I'm sure Jess knows far more than me. And as a reader (not a writer) I like his writing. and he has heard far more music for a start. The 'avant-garde' has only so many surprises up to a point, like everything else, the shock of the new will fade but I didn't specifically say he should try 'fuck off noise' etc but try to take risks and go for things he wouldn't normally not go for. there's a lot of music out there...the whining tone of his argument is what grates at the end.

Julio Desouza, Sunday, 21 July 2002 00:00 (twenty-three years ago)

Ok so the way i put it was maybe wrong

Indeed.

but I get the impressions he wants songs and yet he wants those songs to 'shock' him in some way and i do think it's a lot to expect.

Songs in specific need not mean musical impact in general -- I realize that's a fine line, but I think there's a sense in which one can distinguish between, "Ah, this is a great song" and "Holy shit, my world has just been knocked out from underneath me and I love it," thus my question to Mark, possibly poorly phrased. Andy wisely notes that age and experience inevitably have something to do with it, and I won't contest that myself. Someone out there could be listening to "Soon" right now and be experiencing the same sense of stupefied awe I did -- or listening to something else more recent, sounding completely different, and feeling the same thing. But I'm with Jess completely in the sense that I'm getting no sense of real surprise in general from things.

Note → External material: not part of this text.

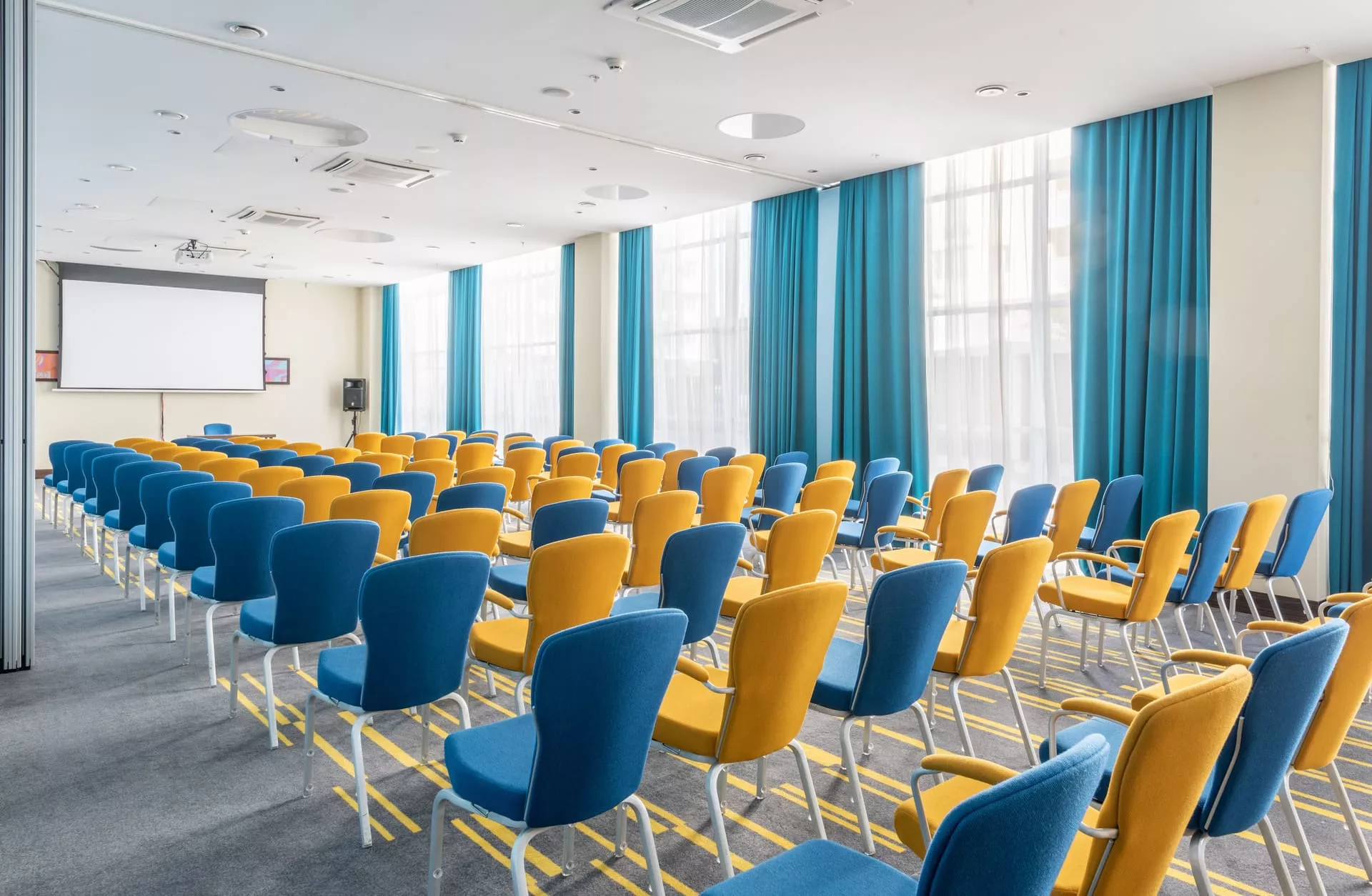 Зал имеет панорамное остекление. Зал оснащен стационарным проектором и экраном

if you keep working at yr job everyday on assignments and so on, you will get burmed out and will need to get a break from it all.

But with music of course you don't want to miss something big during that proposed 'break' i suppose. so in the end it's a tough call.

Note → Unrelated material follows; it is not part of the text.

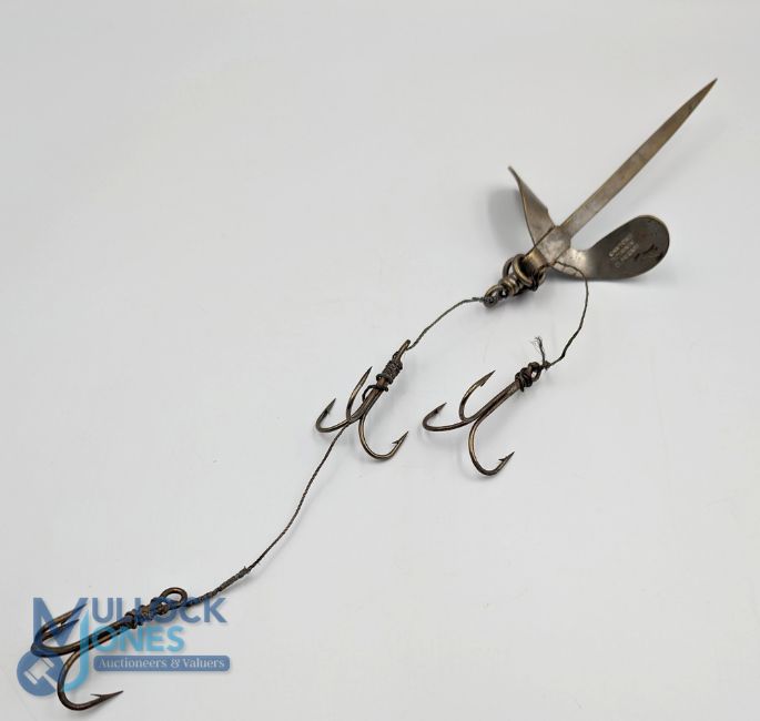 Large 6" Hardy Natural Bait Spinner Lure, with makers mark stamped to fin, as seen in Hardy 1912 catalogue p160 - with trace and large trebles, most likely for Tunny big game fishing

Precisely the point of my example above.

Ned Raggett, Sunday, 21 July 2002 00:00 (twenty-three years ago)

mark in FITE! with Julio. This thread is SO ILM-ish

vic, Sunday, 21 July 2002 00:00 (twenty-three years ago)

"if you know in advance what's going to shock you then it isn't shock at all, it's the jolt of you applauding yrself": yay, i finally formulated my one-sentence refutation of Noise!!

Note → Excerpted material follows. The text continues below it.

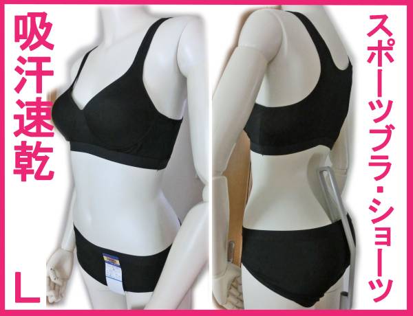 > 新品 吸汗速乾 スポーツブラ ショーツ モールドカップ ブラック L 上下セット ブラジャー ブラ パンツ セットアップ 黒 coolplus

mark s, Sunday, 21 July 2002 00:00 (twenty-three years ago)

i'm not really fighting julio, i'm fighting spectral echoes of that dismal french fucker

mark s, Sunday, 21 July 2002 00:00 (twenty-three years ago)

''"if you know in advance what's going to shock you then it isn't shock at all, it's the jolt of you applauding yrself"''

don't work too hard mark s or your brain will explode! First time i heard borbetomagus say I didn't know what to expect. But once you hear it you can't be shocked again but I admire the beautiful violence of thier sound. It won't radically change from record to record but I listen to it because i enjoy it (as with all music). I don't expect shocks until they are happening.

Julio Desouza, Sunday, 21 July 2002 00:00 (twenty-three years ago)

His ghost? You FITE! ghosts?

GOTH!!!

vic, Sunday, 21 July 2002 00:00 (twenty-three years ago)

erm Ned, I've enjoyed thinking about and talking about music more this year than last year, that means basically new things not old things

Which is, indeed, peachy keen. :-)

But y'know maybe YOU need to go back and reconfigure yr relationship to yr own database

I see your point (and there are more relative parallels than might be guessed between our situations), but like I noted and Julio restated, there's a certain form of damned-if-you-do, damned-if-you-don't involved here. I do not wish to disconnect fully with the present, but neither do I wish to feel -- as I often currently do -- like my dissatisfaction with much of it is more than a personal malaise. There's a disconnected, floating aura of disapproval -- something in the vision and rhetoric of wanting to show that one is not an 'old fart,' if you like -- that informs my finding so much particularly wanting right now, or being tired of the endless reflective surfaces. A transference from personal feeling to judged fault, if you like, though I fear I am not being clear.

There's no shame in a little R&R.

But I think of all the time that is lost and cannot be regained -- and how much more the backlog of whatever assembles itself.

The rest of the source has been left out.